Excerpts from a dataset
++++++++++++++++++++

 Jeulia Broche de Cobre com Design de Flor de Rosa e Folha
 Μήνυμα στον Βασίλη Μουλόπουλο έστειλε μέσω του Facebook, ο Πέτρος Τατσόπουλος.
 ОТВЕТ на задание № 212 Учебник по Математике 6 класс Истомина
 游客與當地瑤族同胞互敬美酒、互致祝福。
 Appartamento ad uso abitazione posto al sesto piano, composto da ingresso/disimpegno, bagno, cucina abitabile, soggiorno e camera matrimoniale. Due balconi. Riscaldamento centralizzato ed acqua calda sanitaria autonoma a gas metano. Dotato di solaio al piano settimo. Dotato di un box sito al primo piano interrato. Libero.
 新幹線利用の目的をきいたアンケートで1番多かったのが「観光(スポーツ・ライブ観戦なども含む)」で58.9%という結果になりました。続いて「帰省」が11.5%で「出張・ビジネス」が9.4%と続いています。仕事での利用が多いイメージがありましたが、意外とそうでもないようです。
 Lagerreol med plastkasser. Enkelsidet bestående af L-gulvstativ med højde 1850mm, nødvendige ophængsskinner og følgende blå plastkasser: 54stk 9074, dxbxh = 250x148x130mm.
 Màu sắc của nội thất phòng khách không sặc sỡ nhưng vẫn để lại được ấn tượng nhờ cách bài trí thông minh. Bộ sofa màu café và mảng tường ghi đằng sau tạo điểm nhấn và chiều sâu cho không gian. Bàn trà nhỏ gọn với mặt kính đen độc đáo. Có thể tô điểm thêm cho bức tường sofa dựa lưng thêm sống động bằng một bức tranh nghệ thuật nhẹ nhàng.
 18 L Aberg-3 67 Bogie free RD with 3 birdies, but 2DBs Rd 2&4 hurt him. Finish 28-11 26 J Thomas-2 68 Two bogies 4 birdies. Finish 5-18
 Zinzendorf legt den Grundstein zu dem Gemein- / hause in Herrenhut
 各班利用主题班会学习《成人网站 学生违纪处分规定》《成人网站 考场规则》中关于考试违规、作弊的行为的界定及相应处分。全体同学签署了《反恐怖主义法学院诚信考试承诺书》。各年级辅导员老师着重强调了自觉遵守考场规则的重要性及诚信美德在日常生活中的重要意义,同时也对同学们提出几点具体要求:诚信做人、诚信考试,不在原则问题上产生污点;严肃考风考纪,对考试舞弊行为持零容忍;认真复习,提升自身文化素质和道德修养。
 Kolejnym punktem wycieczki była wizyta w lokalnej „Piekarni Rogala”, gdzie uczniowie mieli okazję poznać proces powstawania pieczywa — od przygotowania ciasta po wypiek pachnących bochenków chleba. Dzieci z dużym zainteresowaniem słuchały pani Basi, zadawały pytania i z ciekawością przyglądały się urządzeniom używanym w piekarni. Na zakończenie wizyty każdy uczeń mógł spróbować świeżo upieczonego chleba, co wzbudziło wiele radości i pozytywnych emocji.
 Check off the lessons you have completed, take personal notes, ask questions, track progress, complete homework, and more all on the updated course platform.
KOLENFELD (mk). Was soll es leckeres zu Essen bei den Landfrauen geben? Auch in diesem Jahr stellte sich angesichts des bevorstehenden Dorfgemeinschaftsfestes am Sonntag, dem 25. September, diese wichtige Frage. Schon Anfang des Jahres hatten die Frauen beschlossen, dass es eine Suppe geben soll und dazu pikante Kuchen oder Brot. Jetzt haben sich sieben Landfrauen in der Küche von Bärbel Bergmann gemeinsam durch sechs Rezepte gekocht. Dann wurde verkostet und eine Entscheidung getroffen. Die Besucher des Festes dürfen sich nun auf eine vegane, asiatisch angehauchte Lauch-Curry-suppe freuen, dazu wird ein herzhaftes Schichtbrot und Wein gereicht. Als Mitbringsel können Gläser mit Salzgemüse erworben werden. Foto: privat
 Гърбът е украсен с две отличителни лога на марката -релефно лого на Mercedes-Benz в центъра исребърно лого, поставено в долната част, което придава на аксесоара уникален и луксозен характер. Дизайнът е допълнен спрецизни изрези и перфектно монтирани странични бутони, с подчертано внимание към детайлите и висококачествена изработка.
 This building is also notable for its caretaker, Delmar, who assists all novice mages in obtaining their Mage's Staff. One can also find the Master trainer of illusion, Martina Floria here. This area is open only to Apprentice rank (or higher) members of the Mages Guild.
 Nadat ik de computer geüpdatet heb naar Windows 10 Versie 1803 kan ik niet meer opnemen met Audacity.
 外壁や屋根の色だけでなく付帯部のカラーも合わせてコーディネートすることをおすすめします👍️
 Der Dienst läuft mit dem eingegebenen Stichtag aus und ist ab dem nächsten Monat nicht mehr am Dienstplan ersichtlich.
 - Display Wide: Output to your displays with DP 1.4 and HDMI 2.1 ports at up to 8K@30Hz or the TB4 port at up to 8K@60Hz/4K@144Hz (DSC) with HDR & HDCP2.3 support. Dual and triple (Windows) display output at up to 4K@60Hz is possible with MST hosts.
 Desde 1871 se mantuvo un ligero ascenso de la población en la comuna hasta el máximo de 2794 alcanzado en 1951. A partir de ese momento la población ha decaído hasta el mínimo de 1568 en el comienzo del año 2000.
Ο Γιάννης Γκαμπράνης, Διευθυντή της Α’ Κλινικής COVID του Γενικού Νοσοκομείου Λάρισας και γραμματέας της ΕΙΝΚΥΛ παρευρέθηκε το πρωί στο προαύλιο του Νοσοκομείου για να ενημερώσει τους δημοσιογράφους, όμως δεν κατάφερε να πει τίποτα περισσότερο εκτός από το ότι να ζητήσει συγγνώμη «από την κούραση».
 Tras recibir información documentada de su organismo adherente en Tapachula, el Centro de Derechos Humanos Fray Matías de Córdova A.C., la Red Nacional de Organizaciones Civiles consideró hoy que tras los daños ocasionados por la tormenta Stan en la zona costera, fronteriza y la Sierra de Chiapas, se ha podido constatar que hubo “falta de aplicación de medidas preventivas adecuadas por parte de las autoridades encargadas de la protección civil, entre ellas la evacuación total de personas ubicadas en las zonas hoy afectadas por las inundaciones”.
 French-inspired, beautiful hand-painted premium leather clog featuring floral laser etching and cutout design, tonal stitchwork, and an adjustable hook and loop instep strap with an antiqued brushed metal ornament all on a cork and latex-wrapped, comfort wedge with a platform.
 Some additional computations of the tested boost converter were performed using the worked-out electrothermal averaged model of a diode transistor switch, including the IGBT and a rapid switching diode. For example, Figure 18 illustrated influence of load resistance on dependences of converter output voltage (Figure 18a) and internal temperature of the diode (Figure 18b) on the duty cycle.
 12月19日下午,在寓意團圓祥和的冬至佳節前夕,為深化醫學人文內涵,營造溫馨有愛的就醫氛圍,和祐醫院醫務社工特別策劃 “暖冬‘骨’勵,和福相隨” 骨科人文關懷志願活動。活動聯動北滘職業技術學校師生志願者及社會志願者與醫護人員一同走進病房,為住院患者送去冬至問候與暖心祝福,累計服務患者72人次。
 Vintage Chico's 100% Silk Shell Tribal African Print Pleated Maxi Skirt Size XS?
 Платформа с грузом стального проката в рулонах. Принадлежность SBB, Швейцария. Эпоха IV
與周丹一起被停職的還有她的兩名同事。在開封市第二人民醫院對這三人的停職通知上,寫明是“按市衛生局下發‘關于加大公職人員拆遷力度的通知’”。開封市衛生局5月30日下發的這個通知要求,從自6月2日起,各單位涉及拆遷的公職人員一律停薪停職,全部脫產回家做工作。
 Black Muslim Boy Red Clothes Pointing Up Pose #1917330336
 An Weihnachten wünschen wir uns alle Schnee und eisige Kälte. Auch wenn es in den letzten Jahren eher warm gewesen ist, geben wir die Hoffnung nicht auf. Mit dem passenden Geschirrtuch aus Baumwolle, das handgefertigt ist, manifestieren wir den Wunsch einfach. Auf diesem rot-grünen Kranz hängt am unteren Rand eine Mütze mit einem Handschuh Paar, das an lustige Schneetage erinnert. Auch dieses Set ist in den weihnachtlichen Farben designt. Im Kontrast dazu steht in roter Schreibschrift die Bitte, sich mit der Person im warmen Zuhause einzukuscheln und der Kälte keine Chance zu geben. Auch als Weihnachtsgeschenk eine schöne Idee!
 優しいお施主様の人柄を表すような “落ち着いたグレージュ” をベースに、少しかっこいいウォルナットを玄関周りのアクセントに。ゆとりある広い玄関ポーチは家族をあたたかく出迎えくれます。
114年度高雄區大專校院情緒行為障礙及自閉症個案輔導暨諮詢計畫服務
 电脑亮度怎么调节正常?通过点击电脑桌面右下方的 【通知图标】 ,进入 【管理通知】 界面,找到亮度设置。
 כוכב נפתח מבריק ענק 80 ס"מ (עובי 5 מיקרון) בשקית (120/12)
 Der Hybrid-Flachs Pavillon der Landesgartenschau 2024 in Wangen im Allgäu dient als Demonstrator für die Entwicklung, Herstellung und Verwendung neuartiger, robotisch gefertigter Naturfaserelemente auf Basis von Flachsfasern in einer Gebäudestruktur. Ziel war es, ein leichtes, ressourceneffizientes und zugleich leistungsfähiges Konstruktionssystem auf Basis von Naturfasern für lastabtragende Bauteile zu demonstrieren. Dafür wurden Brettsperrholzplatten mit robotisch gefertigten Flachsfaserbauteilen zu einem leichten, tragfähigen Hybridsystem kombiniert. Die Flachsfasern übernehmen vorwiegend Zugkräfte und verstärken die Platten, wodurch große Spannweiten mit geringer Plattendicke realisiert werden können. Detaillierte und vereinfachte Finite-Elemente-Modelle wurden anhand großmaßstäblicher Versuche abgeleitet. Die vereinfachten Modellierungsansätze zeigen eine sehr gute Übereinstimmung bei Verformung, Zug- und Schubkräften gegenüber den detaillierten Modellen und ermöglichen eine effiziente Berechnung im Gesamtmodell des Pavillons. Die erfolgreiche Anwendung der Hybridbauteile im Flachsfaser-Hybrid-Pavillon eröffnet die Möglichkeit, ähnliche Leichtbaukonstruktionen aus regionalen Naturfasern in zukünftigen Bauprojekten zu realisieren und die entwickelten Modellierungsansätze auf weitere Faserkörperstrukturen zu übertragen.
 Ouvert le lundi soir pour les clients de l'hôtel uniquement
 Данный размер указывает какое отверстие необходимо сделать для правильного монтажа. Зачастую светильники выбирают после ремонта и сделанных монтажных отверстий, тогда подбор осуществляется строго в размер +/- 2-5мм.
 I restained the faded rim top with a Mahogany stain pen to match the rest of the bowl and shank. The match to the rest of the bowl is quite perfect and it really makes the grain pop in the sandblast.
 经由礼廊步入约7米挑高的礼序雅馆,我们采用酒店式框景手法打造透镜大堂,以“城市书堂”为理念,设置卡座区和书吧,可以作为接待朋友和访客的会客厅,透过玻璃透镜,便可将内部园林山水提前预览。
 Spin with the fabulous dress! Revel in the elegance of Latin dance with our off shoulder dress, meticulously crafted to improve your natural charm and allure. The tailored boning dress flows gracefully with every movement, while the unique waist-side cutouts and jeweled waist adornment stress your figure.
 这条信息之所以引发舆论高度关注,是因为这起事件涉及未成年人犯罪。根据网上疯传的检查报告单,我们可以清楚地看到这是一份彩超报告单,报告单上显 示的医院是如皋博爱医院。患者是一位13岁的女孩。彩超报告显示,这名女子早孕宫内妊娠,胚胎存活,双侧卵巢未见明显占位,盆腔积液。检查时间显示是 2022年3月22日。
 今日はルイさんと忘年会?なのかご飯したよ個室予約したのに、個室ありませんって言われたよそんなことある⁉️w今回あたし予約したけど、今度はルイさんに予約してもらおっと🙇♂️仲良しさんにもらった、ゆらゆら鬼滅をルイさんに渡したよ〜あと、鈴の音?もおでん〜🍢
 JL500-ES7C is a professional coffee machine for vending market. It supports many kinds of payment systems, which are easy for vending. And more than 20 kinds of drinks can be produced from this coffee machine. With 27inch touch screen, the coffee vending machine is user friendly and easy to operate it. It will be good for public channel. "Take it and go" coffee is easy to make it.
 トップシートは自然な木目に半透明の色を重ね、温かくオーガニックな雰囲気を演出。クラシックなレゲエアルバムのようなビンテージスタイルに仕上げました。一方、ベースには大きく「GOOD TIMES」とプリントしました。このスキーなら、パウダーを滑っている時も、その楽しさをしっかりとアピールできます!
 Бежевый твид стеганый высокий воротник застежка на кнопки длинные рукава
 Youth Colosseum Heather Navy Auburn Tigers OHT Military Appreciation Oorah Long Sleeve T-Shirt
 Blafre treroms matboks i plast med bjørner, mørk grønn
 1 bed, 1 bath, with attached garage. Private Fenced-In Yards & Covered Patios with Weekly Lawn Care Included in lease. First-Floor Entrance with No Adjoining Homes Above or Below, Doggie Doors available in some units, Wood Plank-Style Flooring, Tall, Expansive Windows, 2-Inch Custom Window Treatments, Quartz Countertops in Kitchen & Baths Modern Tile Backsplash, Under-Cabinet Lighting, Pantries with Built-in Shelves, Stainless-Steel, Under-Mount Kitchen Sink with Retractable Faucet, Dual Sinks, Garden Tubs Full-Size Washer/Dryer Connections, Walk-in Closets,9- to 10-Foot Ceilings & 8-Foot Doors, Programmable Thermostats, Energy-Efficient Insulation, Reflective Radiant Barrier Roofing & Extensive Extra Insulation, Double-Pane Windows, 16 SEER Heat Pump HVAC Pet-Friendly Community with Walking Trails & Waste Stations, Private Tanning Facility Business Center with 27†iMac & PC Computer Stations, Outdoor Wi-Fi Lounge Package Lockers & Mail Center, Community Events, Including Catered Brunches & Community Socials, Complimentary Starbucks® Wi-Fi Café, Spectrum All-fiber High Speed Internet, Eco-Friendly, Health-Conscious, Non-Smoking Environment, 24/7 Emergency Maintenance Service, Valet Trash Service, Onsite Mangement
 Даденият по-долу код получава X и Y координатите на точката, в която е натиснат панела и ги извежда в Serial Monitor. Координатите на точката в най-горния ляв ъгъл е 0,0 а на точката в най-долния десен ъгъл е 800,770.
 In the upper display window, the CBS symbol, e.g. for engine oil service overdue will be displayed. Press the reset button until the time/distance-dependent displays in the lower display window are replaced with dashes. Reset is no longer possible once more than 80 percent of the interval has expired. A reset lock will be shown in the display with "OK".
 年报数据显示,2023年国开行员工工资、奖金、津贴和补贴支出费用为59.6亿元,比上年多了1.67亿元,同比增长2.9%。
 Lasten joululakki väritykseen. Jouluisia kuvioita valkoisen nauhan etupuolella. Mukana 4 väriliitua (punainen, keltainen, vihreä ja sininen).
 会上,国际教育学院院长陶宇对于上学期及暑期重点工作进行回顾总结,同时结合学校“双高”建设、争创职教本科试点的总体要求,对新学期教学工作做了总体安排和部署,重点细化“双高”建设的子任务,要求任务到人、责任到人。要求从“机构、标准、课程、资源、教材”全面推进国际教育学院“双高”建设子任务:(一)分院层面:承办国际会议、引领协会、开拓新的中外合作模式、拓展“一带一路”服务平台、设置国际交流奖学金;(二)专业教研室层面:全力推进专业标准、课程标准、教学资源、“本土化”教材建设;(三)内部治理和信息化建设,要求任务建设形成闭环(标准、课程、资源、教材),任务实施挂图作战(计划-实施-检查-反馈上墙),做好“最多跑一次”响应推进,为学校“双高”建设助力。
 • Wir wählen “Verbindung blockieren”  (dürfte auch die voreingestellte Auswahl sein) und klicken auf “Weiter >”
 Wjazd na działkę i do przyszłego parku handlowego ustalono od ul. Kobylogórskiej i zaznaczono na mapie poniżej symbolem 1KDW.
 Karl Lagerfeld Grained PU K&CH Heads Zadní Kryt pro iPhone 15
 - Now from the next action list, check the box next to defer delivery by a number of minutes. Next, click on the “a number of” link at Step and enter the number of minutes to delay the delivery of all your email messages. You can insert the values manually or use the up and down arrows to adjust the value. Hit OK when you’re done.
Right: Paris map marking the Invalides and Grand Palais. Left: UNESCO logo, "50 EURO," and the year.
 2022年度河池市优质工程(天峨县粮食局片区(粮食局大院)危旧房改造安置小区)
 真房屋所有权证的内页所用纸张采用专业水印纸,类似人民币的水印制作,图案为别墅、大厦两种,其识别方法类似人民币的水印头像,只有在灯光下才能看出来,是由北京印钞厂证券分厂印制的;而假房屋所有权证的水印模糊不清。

++++++++++++++++++++

Only those lines of the entries above that run from the line containing "Kolejnym punktem wycieczki" to the line containing "Der Dienst läuft", both included, should be transcribed exactly.

--- Task response ---
 Kolejnym punktem wycieczki była wizyta w lokalnej „Piekarni Rogala”, gdzie uczniowie mieli okazję poznać proces powstawania pieczywa — od przygotowania ciasta po wypiek pachnących bochenków chleba. Dzieci z dużym zainteresowaniem słuchały pani Basi, zadawały pytania i z ciekawością przyglądały się urządzeniom używanym w piekarni. Na zakończenie wizyty każdy uczeń mógł spróbować świeżo upieczonego chleba, co wzbudziło wiele radości i pozytywnych emocji.
 Check off the lessons you have completed, take personal notes, ask questions, track progress, complete homework, and more all on the updated course platform.
KOLENFELD (mk). Was soll es leckeres zu Essen bei den Landfrauen geben? Auch in diesem Jahr stellte sich angesichts des bevorstehenden Dorfgemeinschaftsfestes am Sonntag, dem 25. September, diese wichtige Frage. Schon Anfang des Jahres hatten die Frauen beschlossen, dass es eine Suppe geben soll und dazu pikante Kuchen oder Brot. Jetzt haben sich sieben Landfrauen in der Küche von Bärbel Bergmann gemeinsam durch sechs Rezepte gekocht. Dann wurde verkostet und eine Entscheidung getroffen. Die Besucher des Festes dürfen sich nun auf eine vegane, asiatisch angehauchte Lauch-Curry-suppe freuen, dazu wird ein herzhaftes Schichtbrot und Wein gereicht. Als Mitbringsel können Gläser mit Salzgemüse erworben werden. Foto: privat
 Гърбът е украсен с две отличителни лога на марката -релефно лого на Mercedes-Benz в центъра исребърно лого, поставено в долната част, което придава на аксесоара уникален и луксозен характер. Дизайнът е допълнен спрецизни изрези и перфектно монтирани странични бутони, с подчертано внимание към детайлите и висококачествена изработка.
 This building is also notable for its caretaker, Delmar, who assists all novice mages in obtaining their Mage's Staff. One can also find the Master trainer of illusion, Martina Floria here. This area is open only to Apprentice rank (or higher) members of the Mages Guild.
 Nadat ik de computer geüpdatet heb naar Windows 10 Versie 1803 kan ik niet meer opnemen met Audacity.
 外壁や屋根の色だけでなく付帯部のカラーも合わせてコーディネートすることをおすすめします👍️
 Der Dienst läuft mit dem eingegebenen Stichtag aus und ist ab dem nächsten Monat nicht mehr am Dienstplan ersichtlich.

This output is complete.